2) A “Maxi” CCC of $6,883 in 2017 ($6,986 in 2018), or a portion thereof, may be claimed if you are supporting a spouse or eligible dependant over 18 whose net income is over $11,635 in 2017 ($11,809 in 2018). You may also claim this amount for infirm adults who are considered “other dependants.” But this larger credit is never claimed for a minor child.

The Maxi portion of the Canada Caregiver Credit is complicated for spouses, because you may be able to claim the Mini CCC in conjunction with the spousal amount. However, if you can’t claim the spousal amount, then you may be able to claim part (or all) of the Maxi amount.

A “dependant” can also be your own parents/grandparents, brothers/sisters, aunts/uncles, nieces/nephews or adult children, or those of your spouse or common law partner. Only one claim will be allowed for the Canada Caregiver Credit for this class of dependant, although the claim could be shared among two or more taxpayers as long as the total amount claimed does not exceed the allowable claim.

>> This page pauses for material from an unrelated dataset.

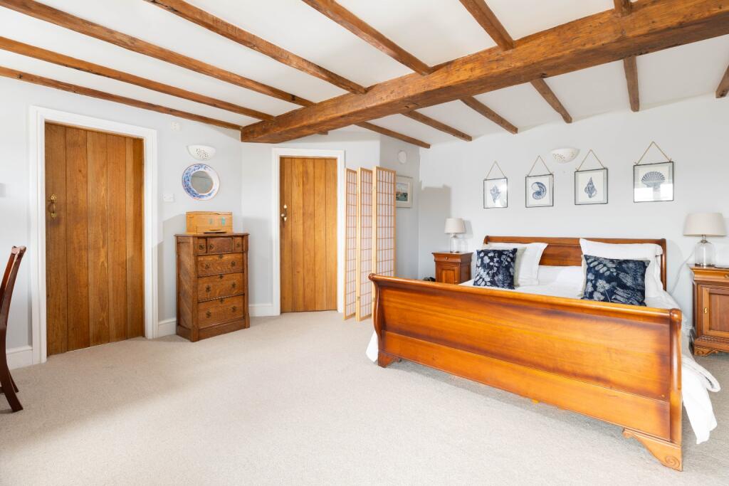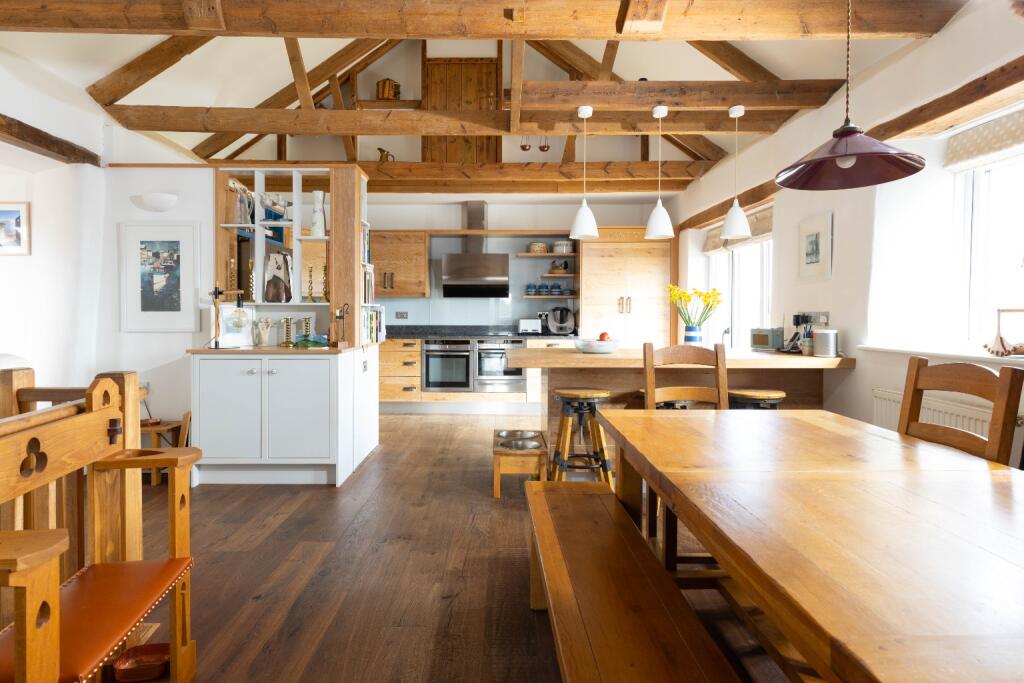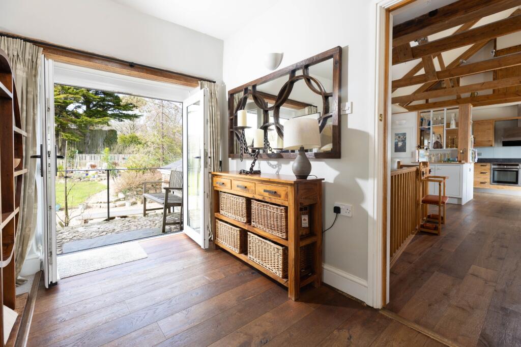 Stunning 4/5 bed barn conversion with breathtaking countryside and sea views. Reverse living maximises light and space, featuring a vaulted kitchen/dining area, elegant living room with Juliet balconies, and luxurious principal suite. Landscaped gardens, ample parking, and excellent school catchment

The Canada Revenue Agency may contact you at some time in the future to verify the claim for the Canada Caregiver Credit or the Disability Amount. An “infirm dependant” is one who has “an impairment in physical or mental functions.” A child under 18 will be considered to be “infirm” only if he or she is likely to be, for an indefinite duration, dependant on others for significantly more assistance in attending to personal needs, compared with children of the same age. This person can be claimed for the Canada Caregiver Credit.

Finally, don’t forget that the EI Compassionate Care Benefits for Caregivers are available for up to six months.